Sorry for the wordy post as I was trying to make my question clear.
I am searching a proper way for model specification and final model presentation.
I have known that for model specification using univariate analysis for selecting candidate factors (no matter p < 0.05 or 0.20 or 0.25) may not be a good idea while data reduction based on subject matter knowledge is considered as a superior method.
As I am studying head injury, I hope to get more insight and learn from on two landmark papers in the filed:
both contained quite high sample size for developing prognostic models.
In CRASH study, multivariable logistic regression was performed and variables that were not significant at 5% level were excluded. The variables were further quantified by their predictive contribution by its z score. Core model and CT model were then introduced (seems based on the retained variables with the Z score ranking). The internal validity of final model was assessed with bootstrap.
For IMPACT study, a multivariable model with 26 potential predictors were examined. Important variables were then seleceted according to the Nagelkerke R2 in multivariable analyses. Three levels of models were then introduced (seems based on the Nagelkerke R2 ranking in multivariable analyses). The internal validity of final model was assessed with cross-validation.
May I ask :
for the internal validation, did the bootstrap and cross-validation there consider the strategy of variable selection? If not, is it ok to perform the internal validation like this or is rigious internal validation a necessity?

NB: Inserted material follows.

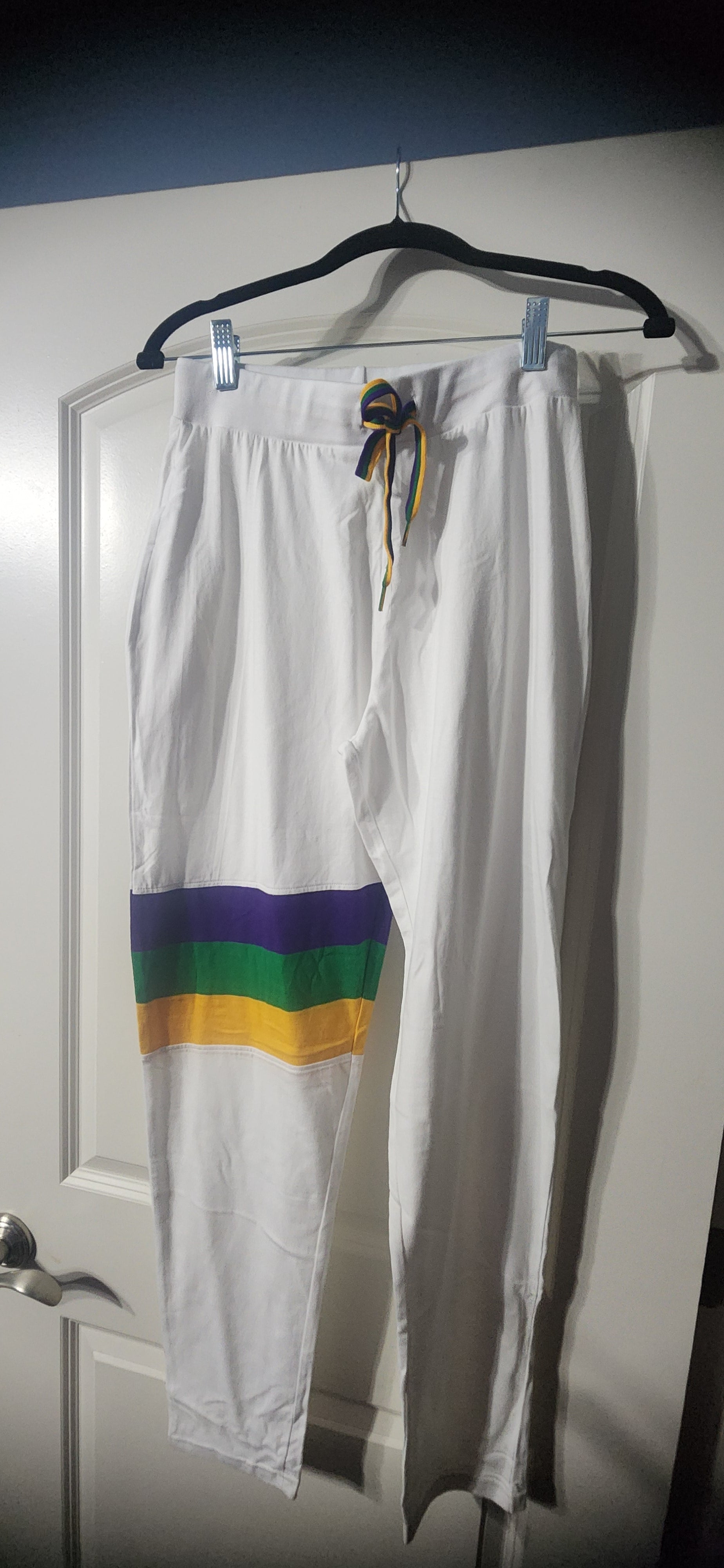 Expertly designed by Mardi Gras Creations, these White Mardi Gras Pants feature a flattering tie waist and a unique purple, gold, and green stripe at the knee. Perfect for any festive occasion, these pants make a statement with their stylish design and comfortable fit.

I am curious about how to properly build multiple levels of prediction models like these two studies,
is it a good way to do the multivariate analysis with all considered factors, rank the variables by R2 or Z score and then select variables by ranking or by their category (such as clinical examination, CT and lab variables) to form different levels of model?
Or should there be multiple “full models” to fit for each level of prediction model?
Should there be a 1st full model with candidate factors from demographics and clinical examination only to fit for further analysis, as it was designed by only applying factors in these categories.
then a 2nd full model with candidate factors from demographics, clinical examination and CT features to fit for further analysis,
and a 3rd full model with candidate factors from demographics, clinical examination, CT features and lab variables to fit for further analysis?